A growing number of Japanese companies are ramping up intelligence gathering as Japan finds itself increasingly vulnerable to rising tensions between the United States and China.
On January 29, the Financial Times reported that Suntory, Hitachi and Mitsubishi Chemical, among others, from industries less vulnerable to geopolitical turmoil, have hired risk managers in recent months and set up new ones. positions and a dedicated team to catch up with more politically sensitive peers.
The move by Japanese companies to strengthen their risk management capabilities comes as investors call for greater disclosure of their responses and preparedness to emergencies, the conflict between Russia and Ukraine, supply chain disruptions caused by the epidemic, and China-U.S. disputes over Taiwan. tensions intensified.
Japanese companies often face the dilemma of how to comply with changing regulations in the world's two largest economies, said Kyohei Yabu, research manager at the Japan External Trade Organization.
“The risk of Japanese companies being caught in the middle is growing,” he said.

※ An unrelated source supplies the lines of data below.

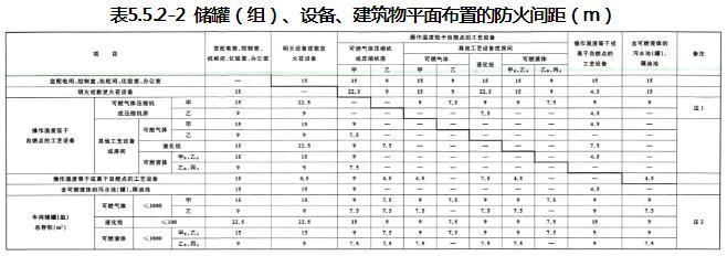 注:1 丙类生产设施之间的防火间距不应小于20m。丙类生产设施与相邻企业的防火间距,不应小于甲、乙类生产设施防火间距的75%。
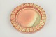 Lavt, cirkulært keramikfad med karakteristisk reliefkant og glasur i rosa, grønne og gyldne toner. Et smukt eksempel på svensk Art Deco-keramik fra Höganäs, hvor dekorativ formgivning og eksperimenterende glasurer blev kombineret i funktionelle hverdagsobjekter.
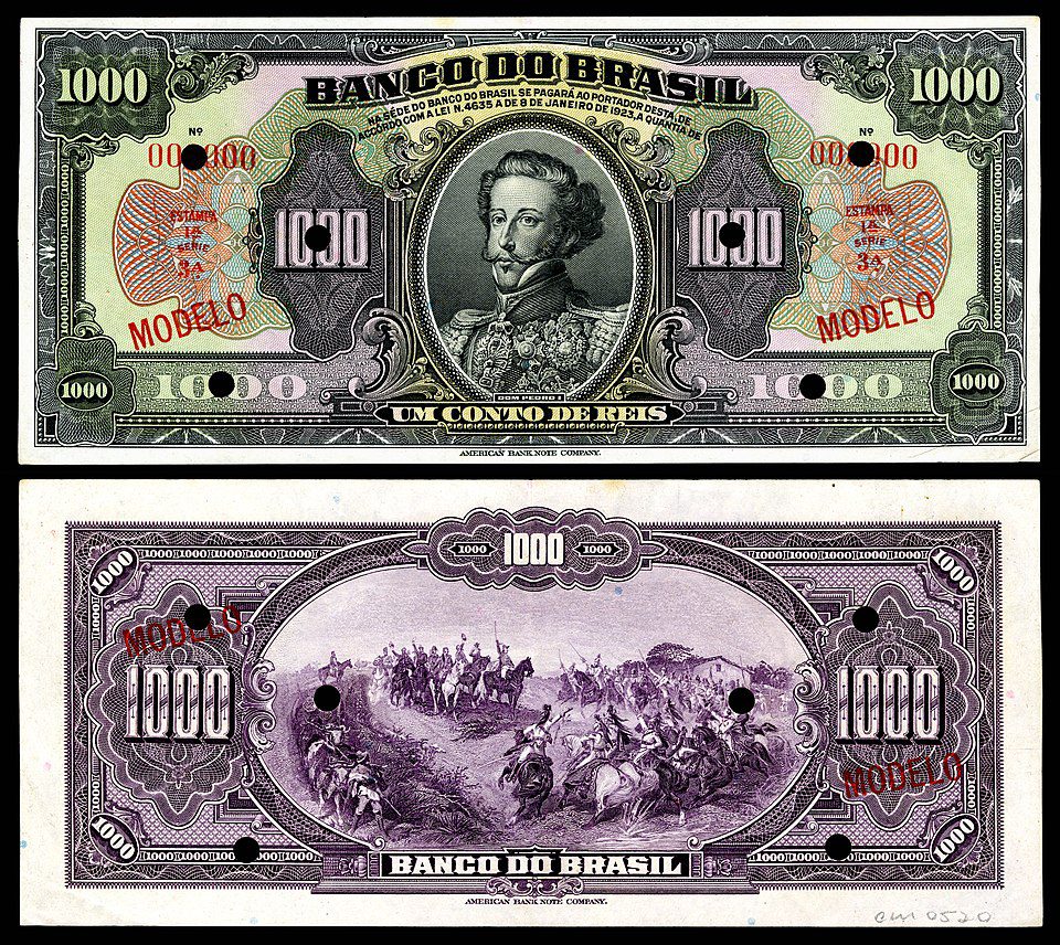 Imagem reprodução da Nota de mil-réis. Esta obra é livre e pode ser utilizada por qualquer pessoa, para qualquer finalidade. Ver imagem original no Wikimedia Commons para mais informações
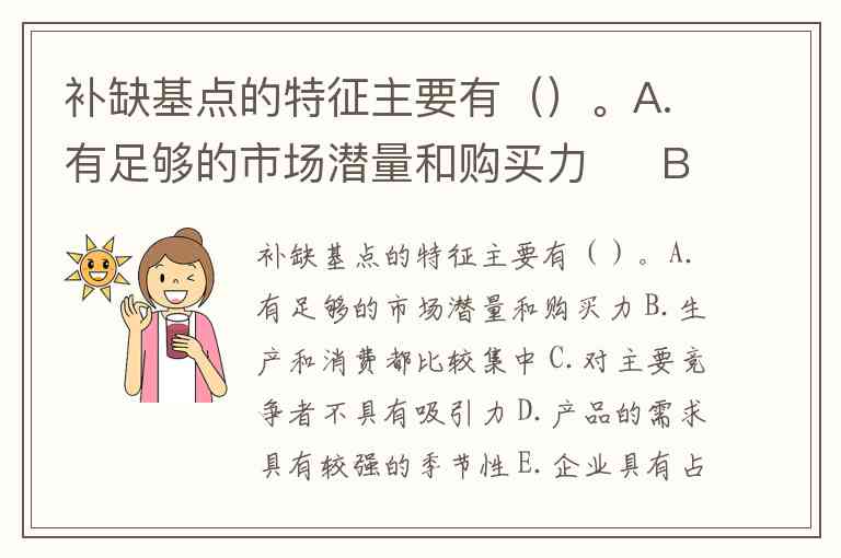 补缺基点的特征主要有()。A.有足够的市场潜量和购买力 B.生产和消费都比较集中 C.对主要竞争者不具有吸引力 D.产品的需求具有较强的季节性 E.企业具有占据该补缺基点所必需的资源和能力
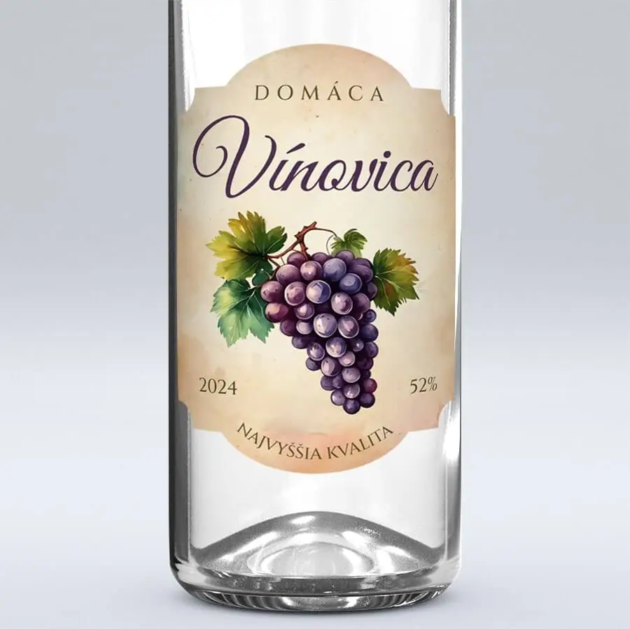 Vyrezávaná samolepiaca etiketa na domáci alkohol, ktorú tlačíme na kvalitné samolepiace fólie vhodné do vlhkých priestorov.

A September report by consultancy PwC Consulting found that nearly a third of listed Japanese companies with sales of more than 500 billion yen ($3.9 billion) mentioned "geopolitics" in their annual reports , compared with 11% a year ago.
"Compared with U.S. and European firms, Japanese firms are slower to respond to economic security and geopolitical risks," said Kazuhide Ueno of law firm TMI Associates.
In addition, Kazuhide Ueno also said: "For investors, corporate safety measures have become the standard for judging a company's value like ESG (environmental, social and governance)." According to his research, this fiscal year in the annual report The number of Japanese companies mentioning "economic security" more than doubled to 27 from 11 the previous year.